¿Qué es una pareja?
Jun. 19 , 2009
La palabra pareja ha entrado en nuestro
vocabulario, ocupando un lugar de privilegio.
Una generación atrás cuando se presentaba
socialmente a alguien o se hablaba de una relación se hacía referencia al
novio/a, polola/o, esposo, marido, a un amigo, o simplemente se lo identificaba
por su nombre, pero difícilmente como su o mi pareja; esta nueva denominación
ha llegado para ocupar un lugar diferente y designar una categoría amplia, tan
amplia que atraviesa las barreras de género, tiempo, compromiso y orientación
sexual.
Sin embargo la idea de pareja, que parece tan
evidente y aceptable a nuestros oídos deviene de un largo proceso de relación
entre los géneros. Para la antropóloga Helen Fischer la pareja aparece
evolutivamente como la “marca registrada” de la especie humana y es una especie
de destino biológico que sirve perfectamente a una finalidad reproductiva y de
protección de la descendencia. Sin embargo la cultura y las emociones, han
querido que esta estructura trascienda su fin biológico hacia el dominio de
otros hechos sociales más complejos como el nacimiento del amor, la idea de
parentalidad, la consolidación y permanencia del vínculo.
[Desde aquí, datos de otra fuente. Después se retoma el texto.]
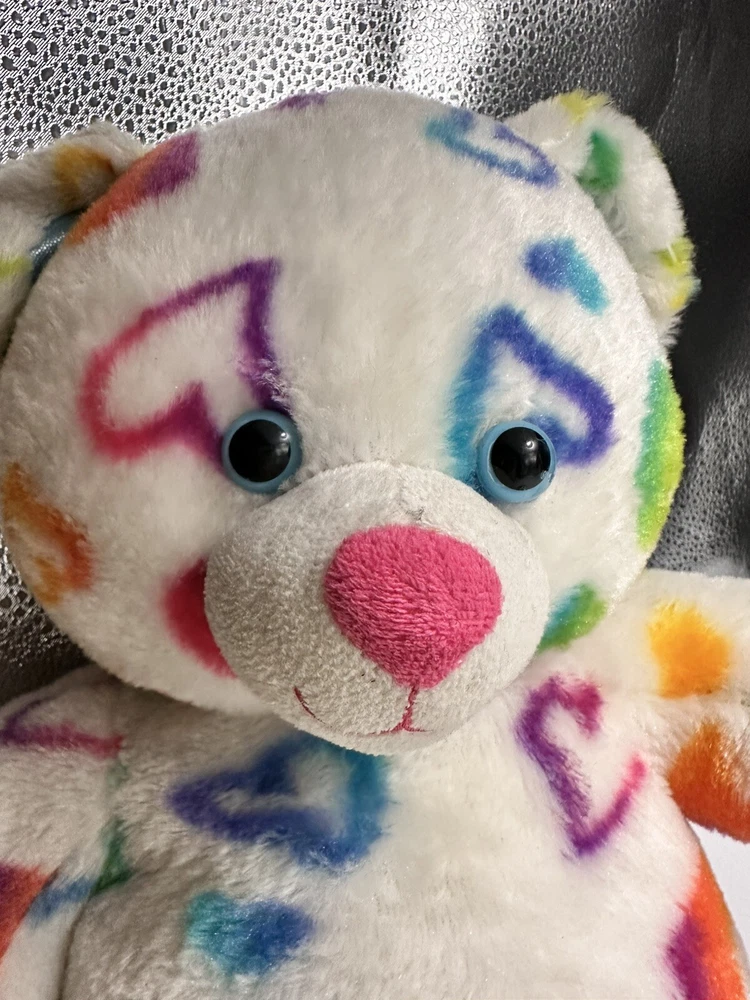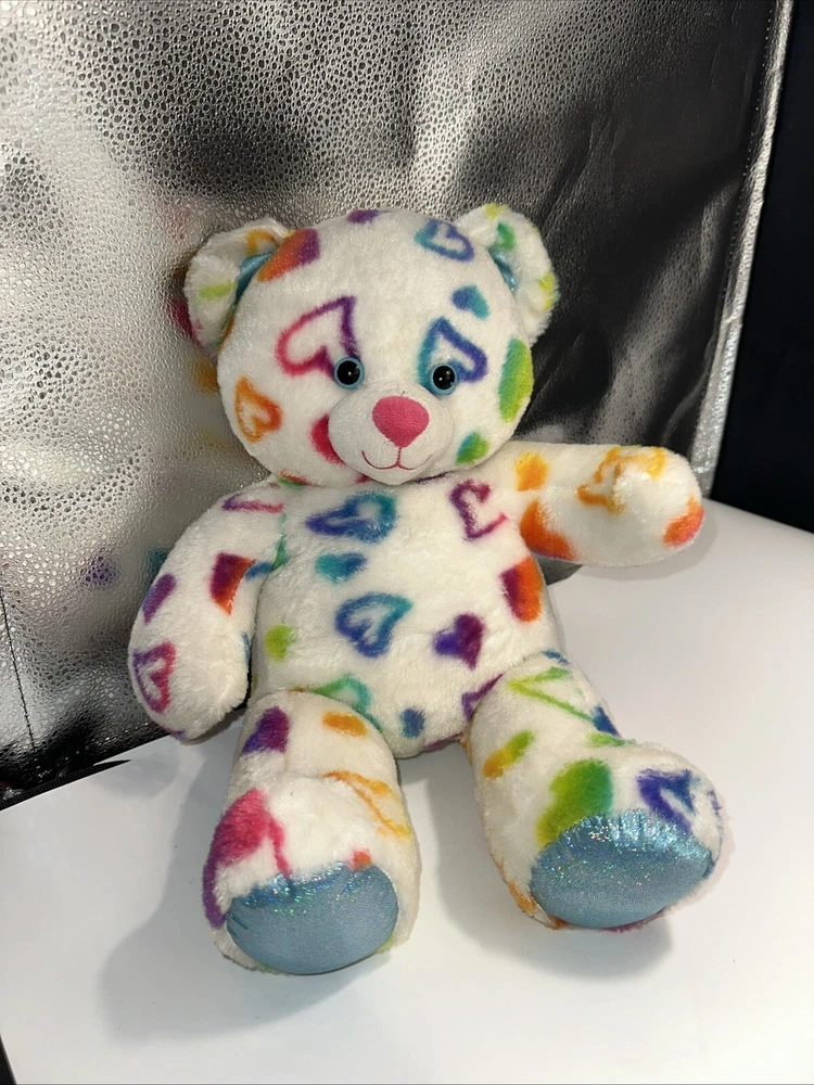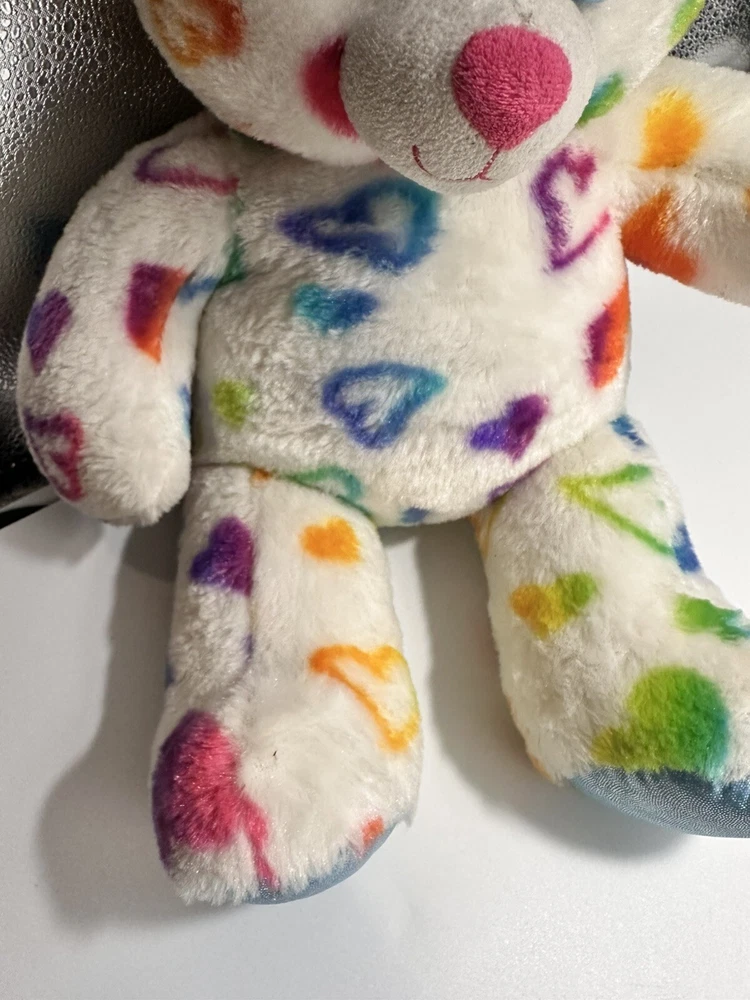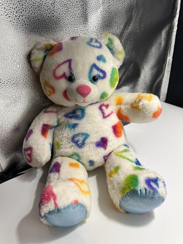 #18D Build a Bear Rainbow Hearts Teddy Plush 16" Stuffed Toy Lovey
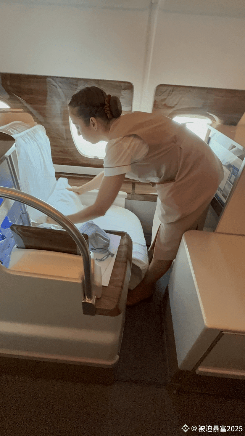 The A380 from this luxury airline is great! Not only is the business class much more spacious than other planes, but it also has a starry sky ceiling, bedding service, and even pajamas. The flight attendants are also very engaging and provide excellent emotional support.

Desde esta perspectiva la pregunta que surge es si
podemos hablar de pareja desde el inicio mismo de la cultura o si es un
producto social que solo tiene sentido desde una visión moderna; porque los
elementos que la definen hoy en día se basan en la libre elección, la igualdad
y la correspondencia de sentimientos amorosos.
Dos generaciones atrás pareja era sinónimo de unión
marital heterosexual, legal y religiosa comprometida en un acuerdo de
fidelidad, y se entendía como un primer escalón necesario hacia la familia; a
un lado quedaban, casi marginalmente, los que solo convivían. Aún hoy en el
lenguaje periodístico policial se escucha hablar de “convivientes”, y antes se
denominaban estas uniones como concubinato.
Desde la mitad del siglo XX en adelante algunas
cosas han cambiado, principalmente se afirma la idea de que no existe un solo y
adecuado modo al que las personas deban ajustarse para estar juntos. Gran parte
de la responsabilidad lo tienen los cambios en las relaciones de género, que
del sometimiento explícito ha rotado a formas más igualitarias en los vínculos.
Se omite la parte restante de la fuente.